- Birth name: Carole Carver
- Born: 3 August 1944 (age 81) Thurnscoe, West Riding of Yorkshire, England
- Genres: Pop
- Occupation(s): Singer, radio host, radio station manager
- Instrument: Vocals
- Years active: 1960s–1970s
- Labels: His Master's Voice; Columbia; CBS; Conquest; Pye; Koala; Rim;

= Carol Deene =

British singer and radio host (born 1944)

Carol Deene (born Carole Carver; 3 August 1944) is an English pop singer and radio host who achieved success in the early 1960s.

==Biography==
===Early career===
After appearing on Joan Regan's BBC TV programme Be My Guest in 1961, at the age of 16, Deene was signed to the His Master's Voice label. She scored her first chart hit in late 1961, and three Top 40 hits on the UK Singles Chart in 1962.

===Recordings===
Deene's first hit was "Sad Movies (Make Me Cry)", a number 44 entry on the UK chart in October 1961. The song was a cover of a US hit written by John D. Loudermilk and originally performed by pop/country singer Sue Thompson; this was a formula repeated for Deene's second hit, "Norman", which reached number 24 in January 1962.

In a different mould, Deene covered Joanie Somers' US chart hit "Johnny Get Angry" for her third single, and saw it reach number 32 in July that year. Deene's fourth single, "Some People" (the title theme of the film of the same name) hit number 25 in August. Her fifth single reverted to the pattern of her first two, being a cover of a US hit written by John D. Loudermilk and originally performed by Sue Thompson: "James (Hold The Ladder Steady)" reached number 29 and 39 on the NME and Melody Maker charts respectively, although it missed the Record Retailer chart (which has since become the listing used by the Official Charts Company). In 1962, Deene briefly hosted her own show on Radio Luxembourg.

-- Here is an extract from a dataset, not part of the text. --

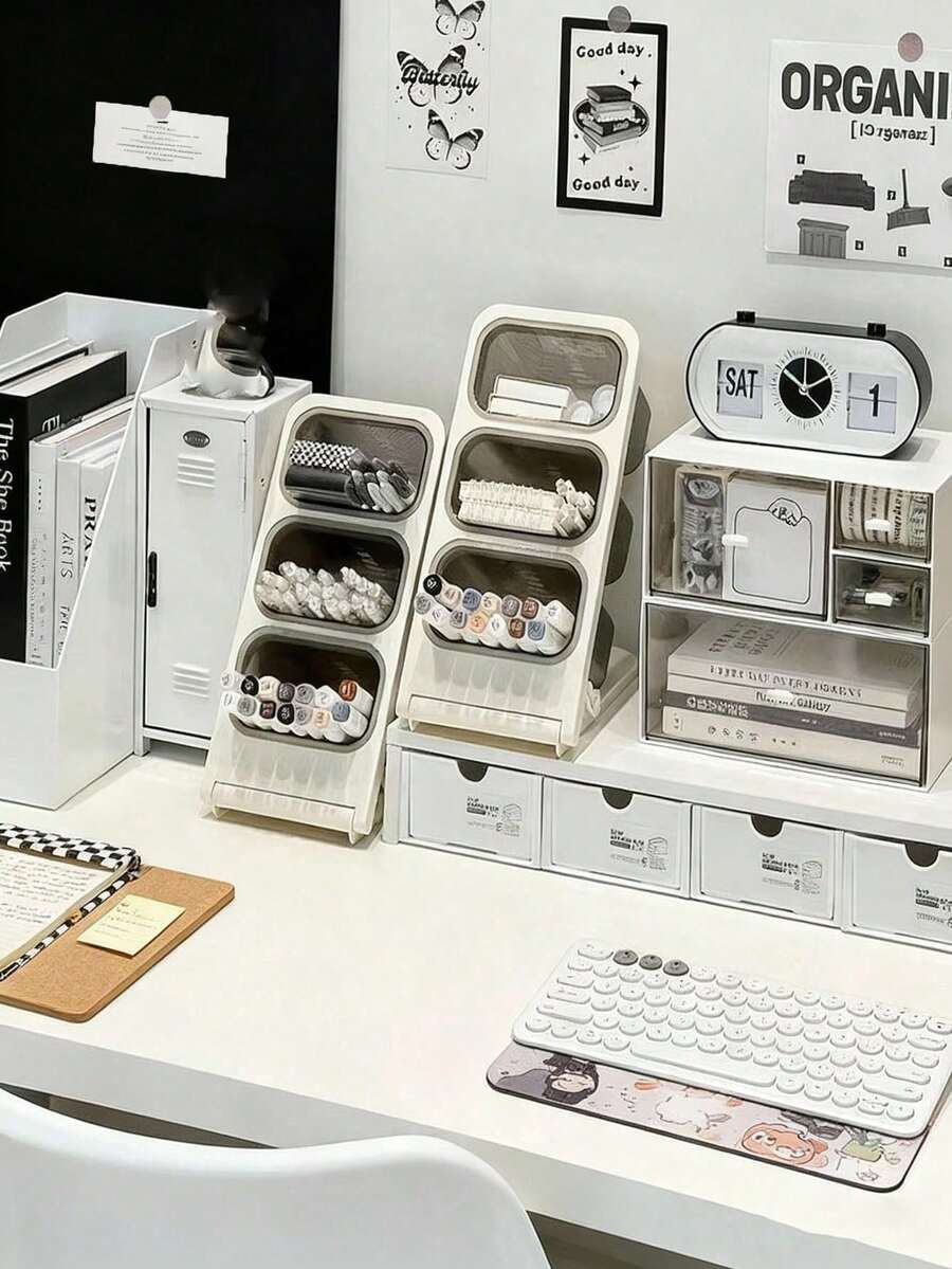 1pc Slanted Large Capacity Pen Holder, Suitable For Desktop Cosmetic Storage Box, Office Organizer Box And School Supplies

She achieved no further hits after 1962, but despite a serious car accident in 1966, Deene continued to record throughout the 1960s and into 1970, regularly touring the northern clubs. After another car crash in 1974, she recorded only sporadically for a number of labels until the late 1970s. It was later reported that Deene lived in Spain, where she was managing a radio station with her husband.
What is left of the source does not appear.